Recovery after failover
If the LDAP namespace is updated when the master LDAP server is on the machine, you must re-Synchronize the LDAP database before restarting the master server. There are two ways to do this. If the service can be interrupted, You can manually copy the database after the LDAP server is stopped. By default, data files are stored in/usr/local/var ). You can also use OpenLDAP replication to restore the database without service interruption. First, the LDAP server was started as a slave server on the previous master node. Then start the slurpd daemon on the current master node. The changes received when the previous master node exited the service will be "Pushed" to the original master node. Finally, stop the LDAP server from the master node and start Heartbeat. This will cause a fault response to the original configuration.

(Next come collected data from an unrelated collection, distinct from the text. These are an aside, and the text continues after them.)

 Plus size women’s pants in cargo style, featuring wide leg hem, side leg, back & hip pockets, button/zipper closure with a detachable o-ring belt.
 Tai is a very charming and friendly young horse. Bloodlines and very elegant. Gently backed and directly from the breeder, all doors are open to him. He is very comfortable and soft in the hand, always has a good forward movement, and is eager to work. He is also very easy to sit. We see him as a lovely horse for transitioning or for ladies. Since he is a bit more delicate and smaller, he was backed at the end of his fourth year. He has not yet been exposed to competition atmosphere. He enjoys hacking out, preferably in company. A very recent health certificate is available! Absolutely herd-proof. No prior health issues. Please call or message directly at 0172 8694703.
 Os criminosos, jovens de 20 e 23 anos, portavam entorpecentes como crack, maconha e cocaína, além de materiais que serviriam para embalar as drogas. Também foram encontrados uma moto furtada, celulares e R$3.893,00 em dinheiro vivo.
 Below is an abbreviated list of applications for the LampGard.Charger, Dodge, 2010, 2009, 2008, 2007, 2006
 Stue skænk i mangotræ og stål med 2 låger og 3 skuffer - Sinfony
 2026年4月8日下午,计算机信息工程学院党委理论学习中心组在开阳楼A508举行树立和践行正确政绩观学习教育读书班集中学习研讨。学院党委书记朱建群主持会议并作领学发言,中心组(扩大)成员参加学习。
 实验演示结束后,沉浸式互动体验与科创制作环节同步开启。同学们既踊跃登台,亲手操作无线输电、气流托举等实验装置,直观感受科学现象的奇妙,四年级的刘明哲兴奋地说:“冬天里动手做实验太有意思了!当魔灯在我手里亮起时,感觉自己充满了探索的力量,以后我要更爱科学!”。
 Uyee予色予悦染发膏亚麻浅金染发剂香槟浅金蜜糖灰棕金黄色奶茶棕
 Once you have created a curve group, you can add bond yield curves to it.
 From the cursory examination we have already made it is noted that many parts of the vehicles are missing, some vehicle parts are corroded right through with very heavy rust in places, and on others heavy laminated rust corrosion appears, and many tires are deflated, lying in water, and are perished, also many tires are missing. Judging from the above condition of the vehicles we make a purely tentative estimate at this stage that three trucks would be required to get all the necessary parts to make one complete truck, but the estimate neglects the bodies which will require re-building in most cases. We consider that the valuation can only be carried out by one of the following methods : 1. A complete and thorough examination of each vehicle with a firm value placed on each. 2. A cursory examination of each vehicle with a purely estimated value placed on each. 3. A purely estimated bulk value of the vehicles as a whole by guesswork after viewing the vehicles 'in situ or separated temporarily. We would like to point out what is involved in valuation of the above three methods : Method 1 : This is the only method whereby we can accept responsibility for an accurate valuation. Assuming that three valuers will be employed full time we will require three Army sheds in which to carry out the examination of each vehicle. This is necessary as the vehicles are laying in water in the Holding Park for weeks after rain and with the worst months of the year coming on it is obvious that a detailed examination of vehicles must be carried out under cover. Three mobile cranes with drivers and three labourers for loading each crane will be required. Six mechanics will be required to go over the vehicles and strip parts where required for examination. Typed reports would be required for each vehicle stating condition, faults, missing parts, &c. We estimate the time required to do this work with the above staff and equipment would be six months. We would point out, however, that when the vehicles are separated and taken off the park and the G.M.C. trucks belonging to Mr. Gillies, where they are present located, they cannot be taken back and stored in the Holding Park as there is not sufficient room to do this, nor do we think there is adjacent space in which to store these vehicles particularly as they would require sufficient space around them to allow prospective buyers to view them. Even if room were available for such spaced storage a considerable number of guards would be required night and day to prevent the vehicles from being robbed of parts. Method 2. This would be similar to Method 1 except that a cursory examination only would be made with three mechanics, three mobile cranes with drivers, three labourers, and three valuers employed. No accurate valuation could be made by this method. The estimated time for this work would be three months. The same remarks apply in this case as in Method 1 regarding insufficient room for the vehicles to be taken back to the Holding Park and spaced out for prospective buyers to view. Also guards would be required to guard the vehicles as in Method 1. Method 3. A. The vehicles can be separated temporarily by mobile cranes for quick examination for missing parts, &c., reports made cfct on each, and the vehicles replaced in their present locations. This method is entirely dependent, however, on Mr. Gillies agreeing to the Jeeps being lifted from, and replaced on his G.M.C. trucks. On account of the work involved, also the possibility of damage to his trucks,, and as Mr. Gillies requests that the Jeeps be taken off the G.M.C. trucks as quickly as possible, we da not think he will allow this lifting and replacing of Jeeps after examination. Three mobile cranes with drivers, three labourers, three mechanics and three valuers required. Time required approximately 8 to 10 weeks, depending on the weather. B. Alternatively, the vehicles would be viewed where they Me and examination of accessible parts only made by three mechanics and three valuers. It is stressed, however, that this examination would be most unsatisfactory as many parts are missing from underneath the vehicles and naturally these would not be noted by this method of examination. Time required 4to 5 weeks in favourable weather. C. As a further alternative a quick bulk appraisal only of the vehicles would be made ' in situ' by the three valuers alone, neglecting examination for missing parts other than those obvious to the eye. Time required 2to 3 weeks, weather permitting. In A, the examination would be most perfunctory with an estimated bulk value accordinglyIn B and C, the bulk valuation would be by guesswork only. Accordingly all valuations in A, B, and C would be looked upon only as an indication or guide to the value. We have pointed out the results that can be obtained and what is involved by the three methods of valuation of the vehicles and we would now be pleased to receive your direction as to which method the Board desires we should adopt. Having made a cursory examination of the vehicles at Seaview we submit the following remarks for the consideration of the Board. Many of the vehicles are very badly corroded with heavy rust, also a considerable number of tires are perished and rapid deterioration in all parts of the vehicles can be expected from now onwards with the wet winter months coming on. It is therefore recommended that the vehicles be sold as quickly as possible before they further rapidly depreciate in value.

LDAP configuration for Apache
Here is an example of an application that subscribes to the LDAP server. This application is an Apache Web server and uses the mod_auth_ldap software package.
Conclusion
This article is a very simple example, using open source software to create some highly available basic network services. Network services, including LDAP, rarely require large servers. The additional reliability provided by the cluster and the replication of servers and data files can increase service availability. The system has gone through all tests and has been performing failover within 15 seconds under all circumstances. If you have a good understanding of the system load and utilization, you can reduce the failover time to below this threshold.